MEE : L’Algérie reste-t-elle une destination privilégiée pour les descendants d’immigrés qui ont désormais l’opportunité de multiplier leurs destinations de vacances ?
JB : Les descendants d’immigrés ne vont pas qu’en Algérie. Ils ont aussi envie de découvrir d’autres pays. Mais les séjours en Algérie, plus peut-être que le Maroc ou la Tunisie, restent encore rattachés aux questions d’entretien du lien familial.
Pour les jeunes, il s’agit aussi de retrouver tous les copains de France, qui partent au même moment en Algérie. À Sétif, où j’ai enquêté, des jeunes de Lyon, de Lille et de Paris étaient contents de pouvoir se revoir le temps des vacances.
MEE : Les vacances se déroulent-elles différemment selon qu’on soit un homme ou une femme ?
JB : L’idée de la différenciation de genre a beaucoup pesé dans mon enquête parce qu’on associe beaucoup aux pays majoritairement musulmans une image plus dégradée de la femme que dans les pays occidentaux.
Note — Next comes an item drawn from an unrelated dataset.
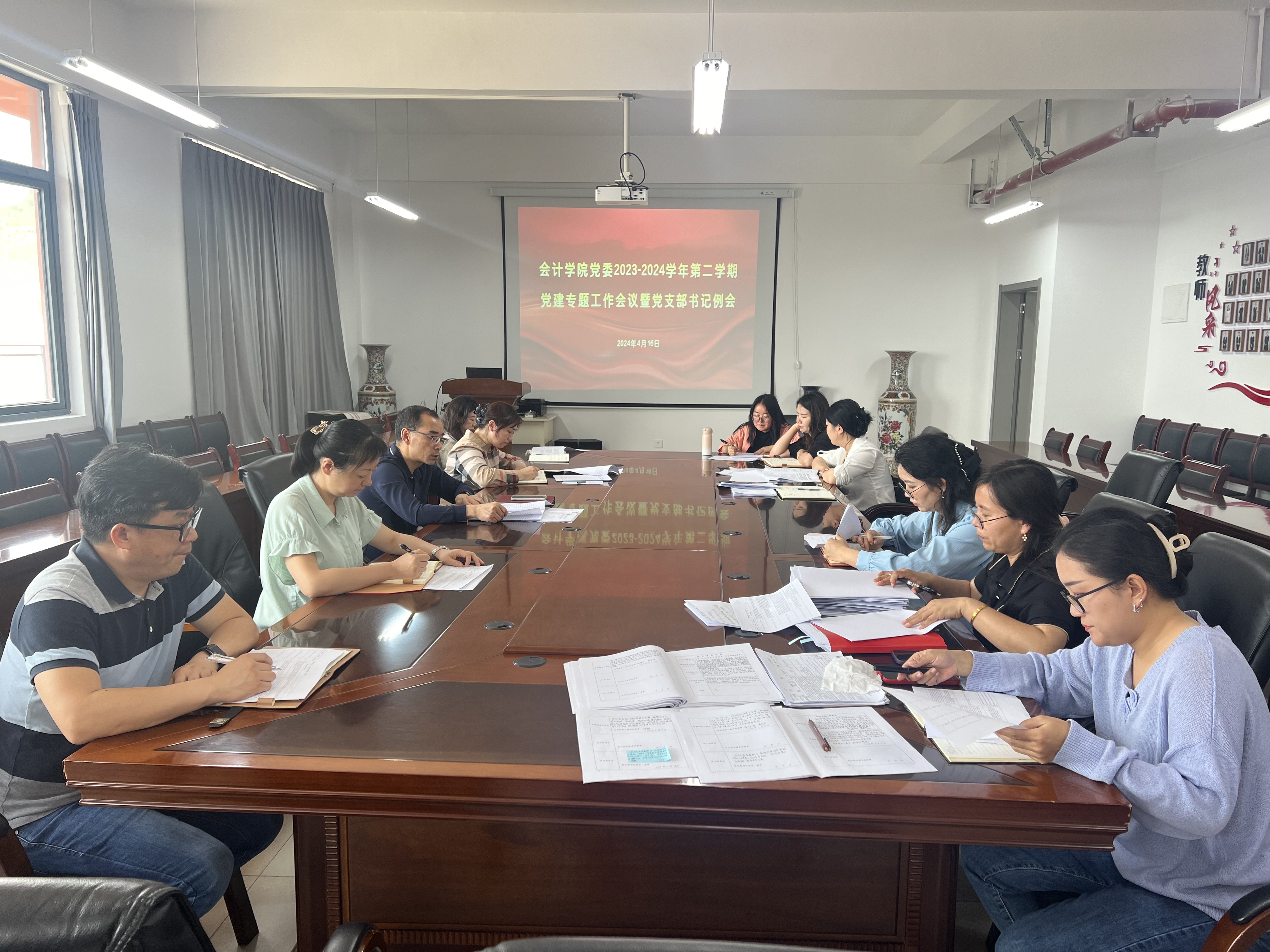 党委在文渊楼505会议室召开2023-2024学年第二学期党建专题工作会议暨党支部书记例会,学院党委领导班子成员、各教工和学生党支部书记参会,会议党委书记聂永刚主持。

Donc évidemment, les vacances ne se passent pas de la même manière pour les hommes et pour les femmes. Mais cela ne s’opère pas de façon binaire. Cela ne sous-entend pas que les hommes sont libres de sortir et d’aller faire du jet ski, alors que les femmes doivent rester enfermées dans la maison familiale.
Tout dépend en fait de la différenciation des goûts et des valeurs. Les filles peuvent avoir les mêmes pratiques que les garçons mais doivent s’organiser autrement et négocier avec leurs familles leur mobilité dans l’espace public. Certaines iront beaucoup plus dans des plages privées où les maillots de bain sont plus tolérés par exemple.